▶ [Information provided]
============================================================

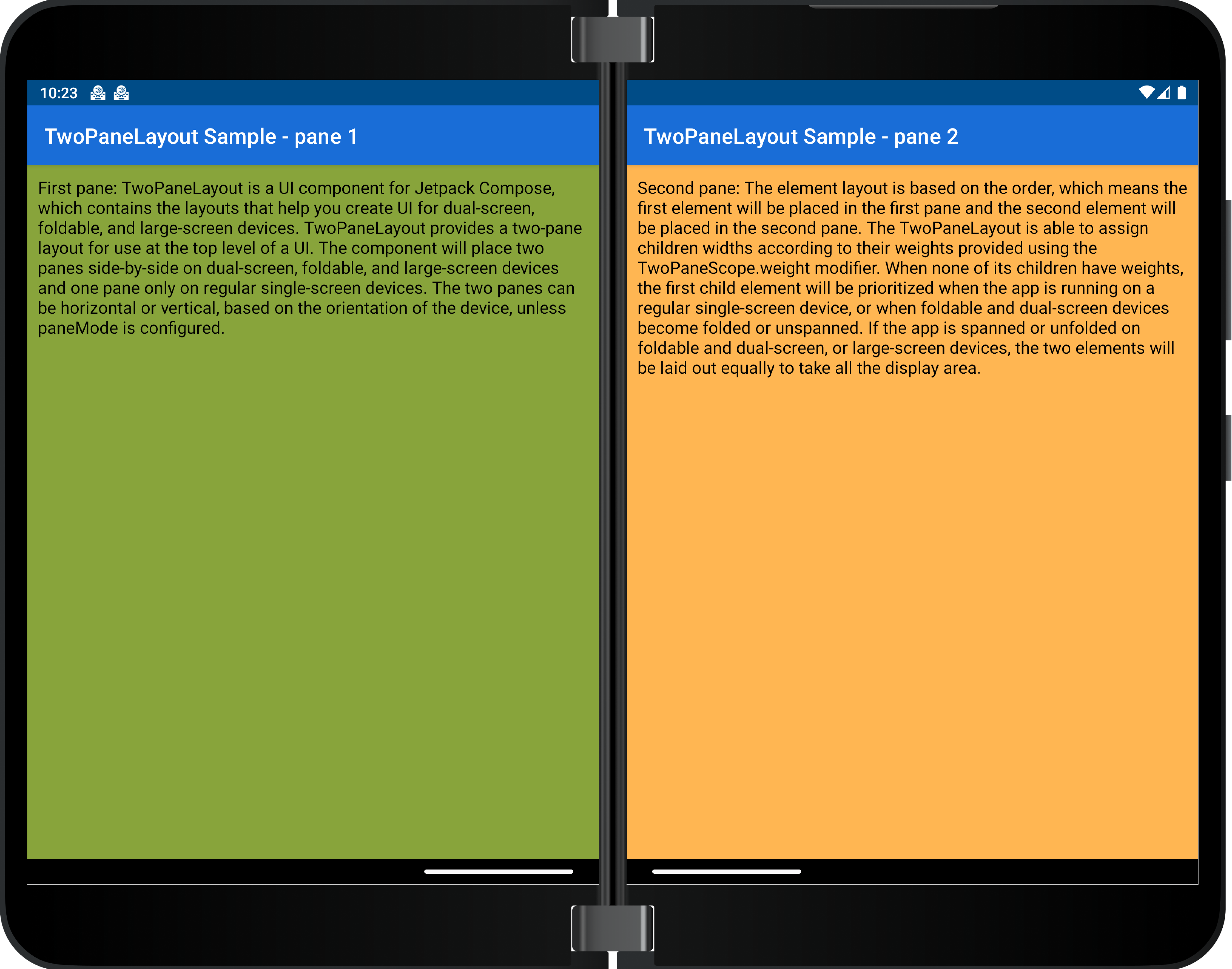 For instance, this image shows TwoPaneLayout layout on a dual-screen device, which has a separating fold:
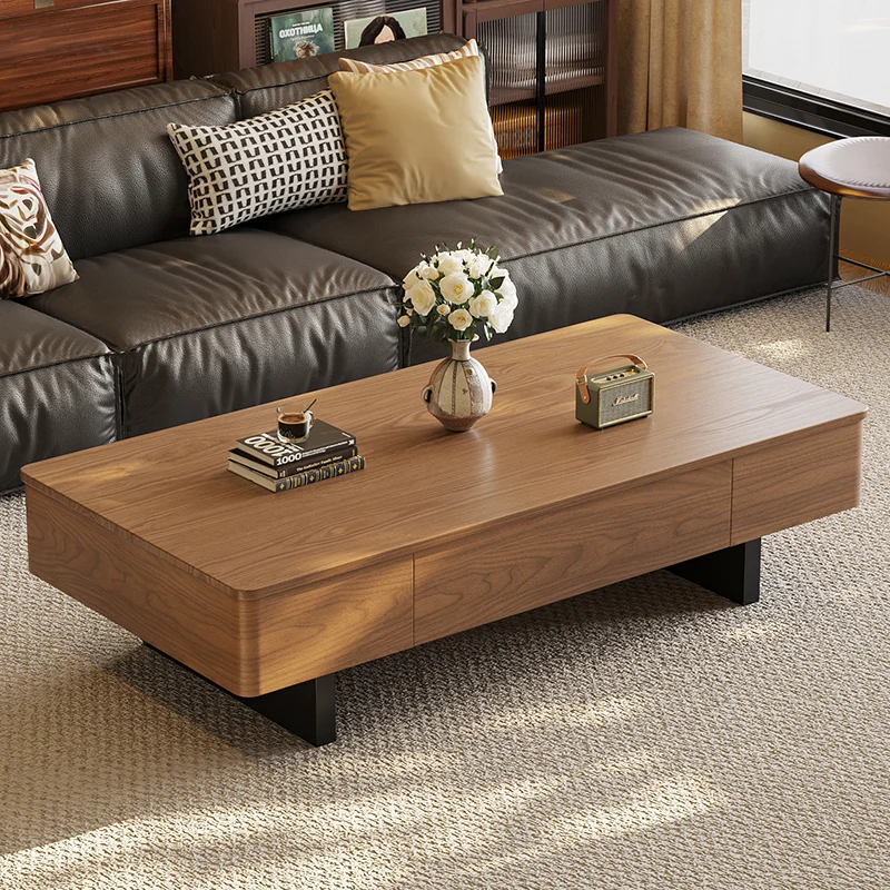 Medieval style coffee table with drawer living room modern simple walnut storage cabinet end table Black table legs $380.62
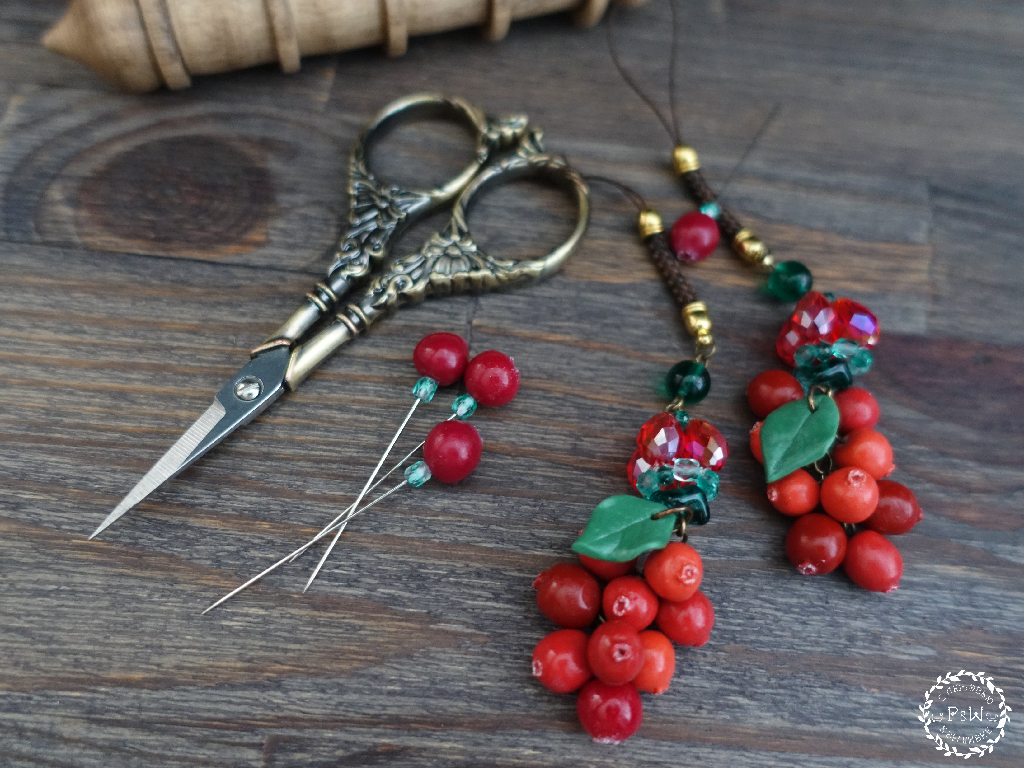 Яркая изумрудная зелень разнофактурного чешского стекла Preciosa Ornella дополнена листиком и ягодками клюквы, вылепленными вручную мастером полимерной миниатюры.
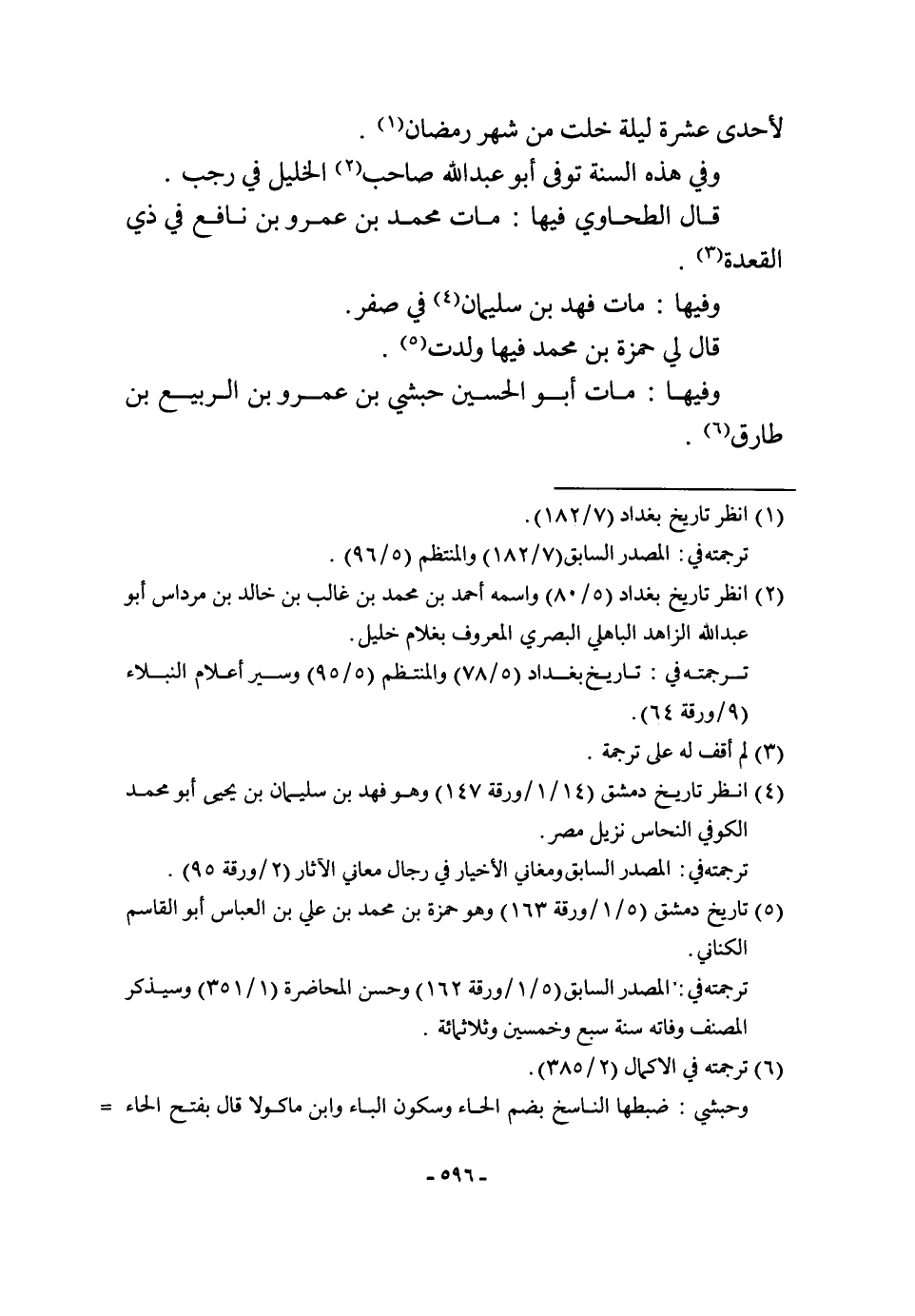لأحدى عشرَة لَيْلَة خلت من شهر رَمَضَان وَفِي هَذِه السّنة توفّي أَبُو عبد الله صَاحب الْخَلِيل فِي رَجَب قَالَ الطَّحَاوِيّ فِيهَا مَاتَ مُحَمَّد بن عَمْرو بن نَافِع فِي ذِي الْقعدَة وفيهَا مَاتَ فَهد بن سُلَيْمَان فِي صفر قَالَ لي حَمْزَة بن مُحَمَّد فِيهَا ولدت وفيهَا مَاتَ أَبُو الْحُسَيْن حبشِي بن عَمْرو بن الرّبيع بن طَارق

============================================================

If the listing above includes images, copy every line of it exactly except those images.

 For instance, this image shows TwoPaneLayout layout on a dual-screen device, which has a separating fold:
 Medieval style coffee table with drawer living room modern simple walnut storage cabinet end table Black table legs $380.62
 Яркая изумрудная зелень разнофактурного чешского стекла Preciosa Ornella дополнена листиком и ягодками клюквы, вылепленными вручную мастером полимерной миниатюры.
لأحدى عشرَة لَيْلَة خلت من شهر رَمَضَان وَفِي هَذِه السّنة توفّي أَبُو عبد الله صَاحب الْخَلِيل فِي رَجَب قَالَ الطَّحَاوِيّ فِيهَا مَاتَ مُحَمَّد بن عَمْرو بن نَافِع فِي ذِي الْقعدَة وفيهَا مَاتَ فَهد بن سُلَيْمَان فِي صفر قَالَ لي حَمْزَة بن مُحَمَّد فِيهَا ولدت وفيهَا مَاتَ أَبُو الْحُسَيْن حبشِي بن عَمْرو بن الرّبيع بن طَارق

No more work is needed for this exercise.